Partly, he’s thinking that it won’t be long before it’s him up there in the box while everyone snuffles over him (he is seventy-three: Frisch, the only friend whose work he was genuinely jealous of, died recently). Life is so familiar. You get so used to it, you can’t easily be reconciled with the idea that it won’t muddle on forever.

Also, he didn’t like Uncle Dick and never understood why it was that such a significant proportion of his and Joyce’s time was taken up with worrying over and tending to an old man who had after all acted all his life with abominable selfishness. Dick had never, in all the years since he sent Ray an extraordinary letter of so-called “advice” when he and Joyce first got together, been able to resist an opportunity of telling Ray how to manage everything in his life better. (That is, more like the way Dick managed it.) He once even tried to suggest to him, with what he probably imagined to be tactful persuasion, that he should take up painting watercolors of naval battles.

Also, on all these occasions (weddings included: weddings especially), Ray can’t help a sense of outrage at finding himself under the roof of practicing Christians, not only mingling in their company (he’s a tolerant man) but actually participating, however passively, in their rituals. He thinks of religion as a leftover from the Middle Ages; when he was young he fully expected to see an end to all their mumbo jumbo in his lifetime, and the churches turned into museums and art galleries. It was absolutely in character that Dick converted conveniently to a kind of turn-the-other-cheek Christianity as the end drew nigh (marginally worse, Ray thought, than the Masons, who at least don’t sanctimoniously confess to all their sins on social occasions).

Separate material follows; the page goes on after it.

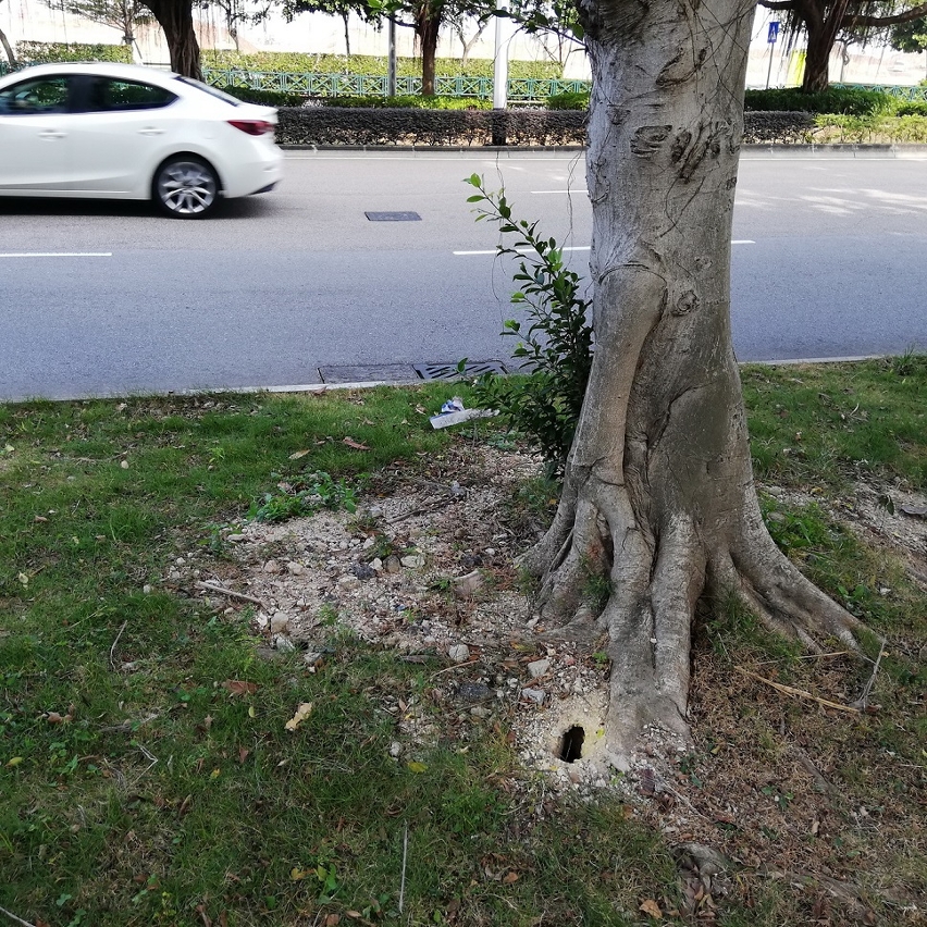 No decorrer de uma inspecção ordinária recente, os trabalhadores de manutenção e protecção de árvores verificaram um abatimento num troço perto do Edifício “Begonia Court” e um buraco na zona verde à sua volta. Após a fiscalização pelos respectivos trabalhadores e a inspecção dos esgotos envolventes, verificou-se que um troço do canal de drenagem de água pluvial sofreu assentamento e que, na ligação do canal, abriu uma brecha e, por isso, há a necessidade de realizar obra de reparação urgente no canal. Assim, para colaborar com a obra, as duas árvores próximas precisam ser transferidas e replantadas na mesma zona verde, com vista a manter a paisagem arborizada geral da referida avenida.

Dick had recently had a bitter falling out with the new vicar over a point of church tradition to do with the hymn for those in peril on the sea. Presumably, however, the vicar (a bleached and fastidious little man, with cold eyes) says today all the right appeasing things for the girls to have a weep over. Ray can’t hear him anyway; he has been afflicted for several days now with a sudden deafness, which the doctor assures him unconvincingly is catarrh blocking his inner ear and will only be temporary. He discovered some sort of deaf aid — a little amplifier — in Dick’s drawer while they were going through his things at the home, and he has been using that, but he doesn’t bother to turn it on for the vicar. It only works for a few minutes at a time and then produces shrill feedback, at which point he usually drops it. He doesn’t care what the vicar has to say anyway. And Joyce doesn’t like him using the amplifier, although she thinks he doesn’t know it. She’d rather he were stone deaf than fumbling about with a hearing aid, giving himself away as an old man.